"If these neurons are over-activated by environmental or mental stress in daily situations, they may support sustained arousal, triggering sleeplessness, leading to overeating," said lead author Tamas Horvath, associate professor in the Departments of Obstetrics, Gynecology & Reproductive Sciences (Ob/Gyn) and Neurobiology at Yale School of Medicine. "The more stress you have, the lower the threshold becomes for exciting these hypocretin neurons."
Horvath and co-author Xiao-Bing Gao, assistant professor in Ob/Gyn, studied hypocretin/orexin neurons in mice using electrophysiology and electron microscopy. They found a unique, previously un-described organization of inputs on hypocretin neurons in which excitatory nerve junctions outnumber inhibitory contacts by almost 10 fold. Stressors such as fasting further excite these neurons.
"This unique wiring and acute stress-induced plasticity of the hypocretin neurons correlates well with its involvement in the control of arousal and alertness, which are vital to survival," said Horvath. "But it may also be an underlying cause of insomnia and associated metabolic disturbances, including obesity. In addition, insomnia is characteristic of perimenopause (early onset of menopause), which may lead to increased prevalence of obesity in postmenopausal women."
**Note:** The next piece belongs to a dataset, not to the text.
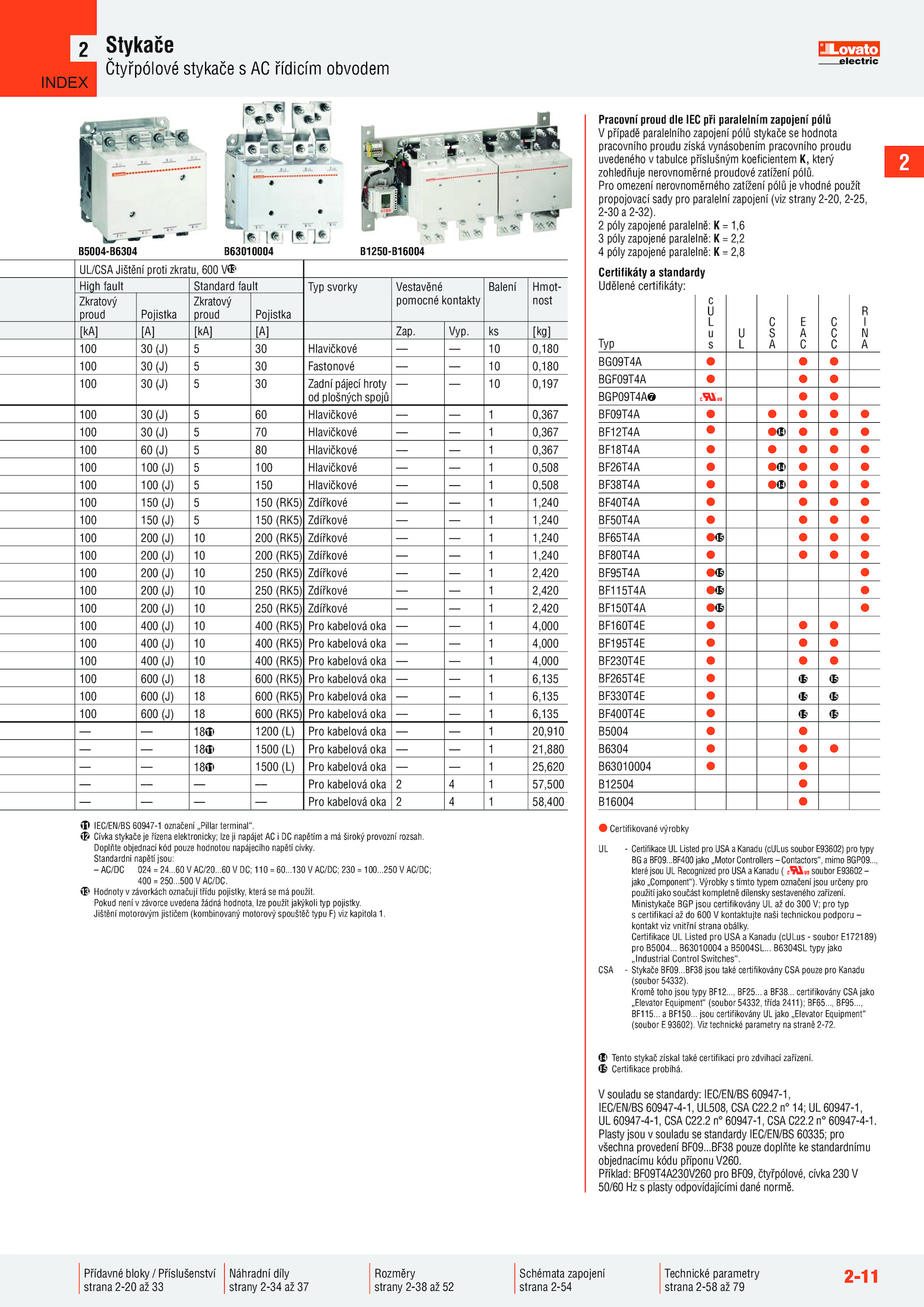 „Industrial Control Switches“.. BF150..2 60947-4-1.BF400 jako „Motor Controllers Contactors“, mimo BGP09.2 60947-1, CSA C22.

Previous studies demonstrated the association between lack of sleep and obesity and suggested a good night's sleep to help obesity. Horvath found that the neurological basis of the link between obesity and insomnia make them both independent and related products of the overactivated hypocretin system. Therefore, he said, "people with weight and sleep problems could benefit from cutting back on stressful aspects of their lives, rather than trying to specifically medicate either insomnia or obesity."
Obesity and metabolic disorders are a major cause of death and illness in the United States, with one of the highest financial burdens on the health care system.
Citation: Cell Metabolism Vol. 1, Issue 4 (April 2005).